(Dataset extract)
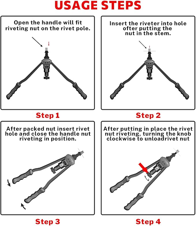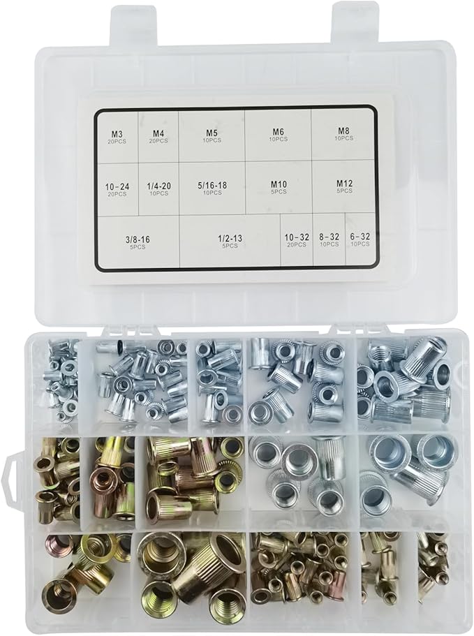 - Includes 15 mandrels (Metric: M3, M4, M5, M6, M8, M10, M12 | SAE: #6-32, #8-32, #10-32, #10-24, 1/4"-20, 5/16"-18, 3/8"-16, 1/2"-13) + 170 rivet nuts (see full breakdown below)
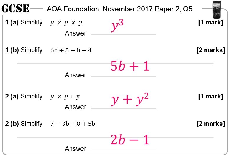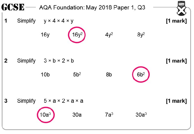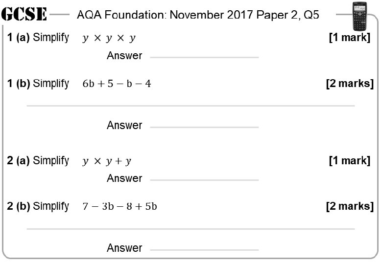 Simplifying Expressions Multiplying Foundation GCSE Questions AQA These
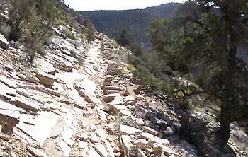 Hermit Trail Auf seiner Nordseite gibt es einen glatten Felsvorsprung, den ich gleich Al Point taufe. Es ist ein markanter Punkt im Gelände, ein vorgeschobener Aussichtspunkt, kaum zwei Quadratmeter gross. Senkrechte Wände fallen von diesem Hügel über 250 Grad nach unten ab. Ein Ausrutscher reicht hier, dann hat man sein Leben im Grand Canyon beendet! Dort lege ich das GPS hin und stelle die Koordinaten und die Höhe fest: Latitude:
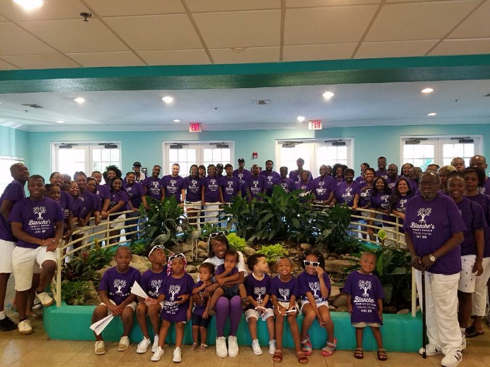 "My mom Blanche is 80 years old. She had a vision of her whole family getting together to reunite. She has adopted many of us but we are all family. She raised us all! The shirts were a hit and beautifully made. Blanche is in white and we are in Purple. All made by Custom Ink."
(End Dataset extract)
Exercise goal | When you reach an image, pass over it, and retype all other material exactly.

Task output |
 - Includes 15 mandrels (Metric: M3, M4, M5, M6, M8, M10, M12 | SAE: #6-32, #8-32, #10-32, #10-24, 1/4"-20, 5/16"-18, 3/8"-16, 1/2"-13) + 170 rivet nuts (see full breakdown below)
 Simplifying Expressions Multiplying Foundation GCSE Questions AQA These
 Hermit Trail Auf seiner Nordseite gibt es einen glatten Felsvorsprung, den ich gleich Al Point taufe. Es ist ein markanter Punkt im Gelände, ein vorgeschobener Aussichtspunkt, kaum zwei Quadratmeter gross. Senkrechte Wände fallen von diesem Hügel über 250 Grad nach unten ab. Ein Ausrutscher reicht hier, dann hat man sein Leben im Grand Canyon beendet! Dort lege ich das GPS hin und stelle die Koordinaten und die Höhe fest: Latitude:
 "My mom Blanche is 80 years old. She had a vision of her whole family getting together to reunite. She has adopted many of us but we are all family. She raised us all! The shirts were a hit and beautifully made. Blanche is in white and we are in Purple. All made by Custom Ink."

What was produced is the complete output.